Hot Streak: Nick Cardy’s Aquaman, Previously

« Suffering sea snakes! Can this really be happening, Aquaman? » — Aqualad has a query.

I just realised, a few days ago, that I’d left something hanging for too long: nearly two years ago, I turned the spotlight on a series of Aquaman covers, casually (in my debonair way) letting it be known that there existed another, earlier, and even longer (well, by one) run of exemplary Aquaman covers. The time has come to see whether I was talking through my hat… or not.

Now, at the risk of repeating myself, it must be stated that, since we’re dealing with DC’s late Silver Age, there’s more to any given cover than a signature. DC’s recently-ascended art director, Carmine Infantino, had a hand in designing virtually every DC cover between late 1966 and early 1976. How strong a hand varied from cover to cover, of course. A good designer sometimes knows when to hold back and be invisible, or just about.
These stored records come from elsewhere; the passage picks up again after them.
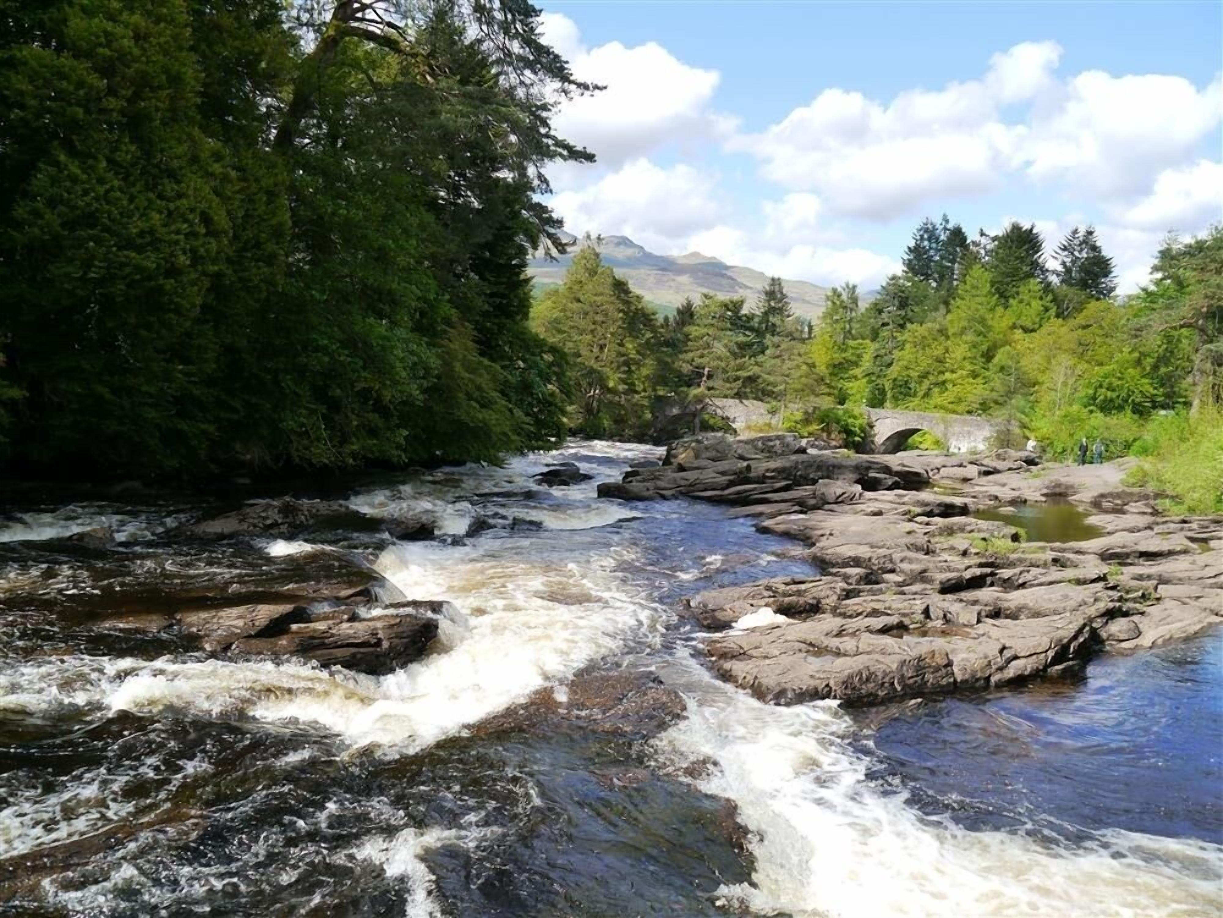 Bedroom 2: 2 x Single (3ft) Beds. Electric central heating, electricity, bed linen, towels and Wi-FI included. Initial fuel for wood burner included. Travel cot, highchair and stairgate available on request.. Large enclosed, lawned garden with sitting-out area, garden furniture and BBQ. Private parking for 1 car. No smoking. Please note: There are 5 steps in the garden.. One of only eight cottages overlooking the scenic Falls of Dochart, Gracedieu is a traditionally built terraced cottage dating back to the 1700s with a cosy wood burner, many original quirky features and views of Dochart Bridge which dates back to 1760. The rear of the garden was originally the old railway track with the sleepers still in place and neighbours open countryside. The garden room has been converted from the old bothy, dates back to the 1700s and is perfect for you to open the double glass doors on a warm summer’s night. You are just a short walk from the village amenities including the shop, cafes, bars, restaurants and historical sites. Killin is a popular destination for outdoor activities, whether you like mountains to climb or leisurely country walks, the Rob Roy Way passes through the village. With salmon/trout fishing (at cost, licence required), water sports, mountain biking or cycling along the many lanes and cycle paths, there is something for everyone. This area is steeped in history with the Killin Stone Circle and Finlarry Castle and Chapel. The enclosed rear garden is the perfect place to relax and enjoy magnificent scenery with wonderful views of the Tarmachan Ridge and Ben Lawyers. Loch Tay is on Killin’s doorstep, only a mile away. Visit Crianlarich, 13 milers, Callander, 21 miles, Stirling, 37 miles, and Perth, 43 miles.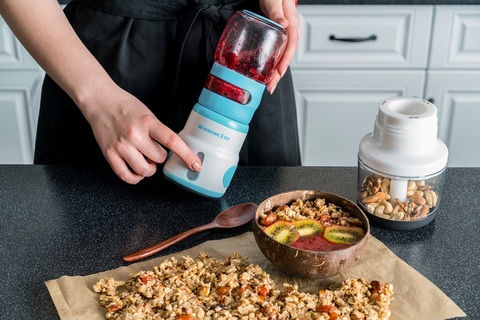 С помощью портативного блендера можно приготовить в любом месте коктейли или смузи.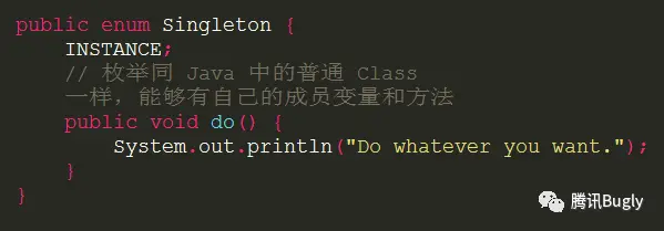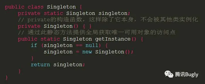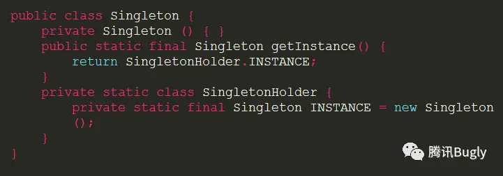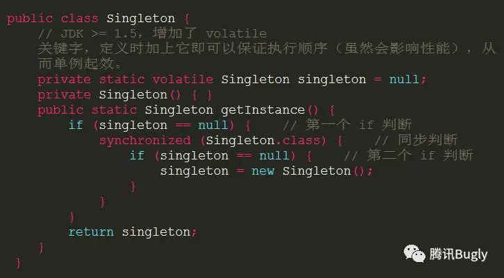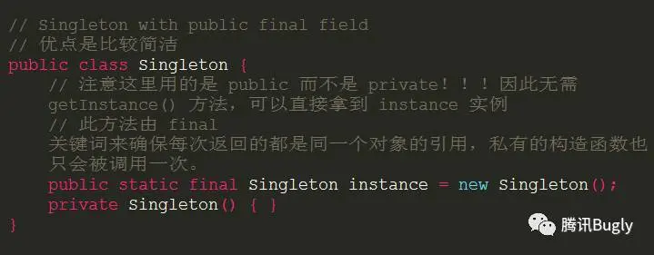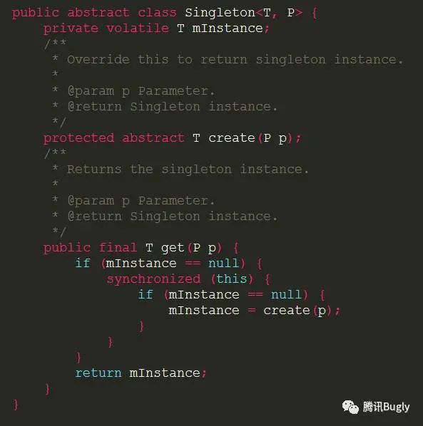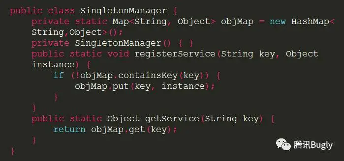 get()方法用了final来修饰,在子类中是不能被重写的,这就造成了我们应用中的所有单例用的是相同的单例方式,也就是都用了 DCL 方式来实现单例,难以想象一种单例可以适用于整个项目(此项目中的单例类包括:登录注册管理类 LoginManager,账户管理类 AccountManager,用户信息业务逻辑类 UserBusiness,主线程 Handler 类 MainHandler,数据上报 Looper 类 ReportLooper,Preference 管理类 PrefManager,WNS 数据透传管理类 SenderManager, PUSH业务逻辑类 PushBusiness,素材业务逻辑类 MaterailBusiness,搜索业务逻辑类 SearchBusiness,消息业务逻辑类 MessageBusiness 等等,DCL 显然不适用于所有这些单例。P.S. 感觉单例的使用也有点多了,需要检查一下是否有滥用)。 -

Infantino always strove to improve himself and update and hone his skills. Well into his career (he’d started in 1940 at Timely), he pulled an unexpected (and very smart) move. As he recalled it in The Amazing World of Carmine Infantino (2000, Vanguard Productions):

« Around 1960, I went back to school again, this time to study under a gentleman named Jack Potter at the School of Visual Arts. What Jack taught me about design was monumental, and I went through a metamorphosis working with him. I’d sit there confused and he’d tear the work apart. But then it was a light bulb going off – bam! – and I’d understand everything he was getting at.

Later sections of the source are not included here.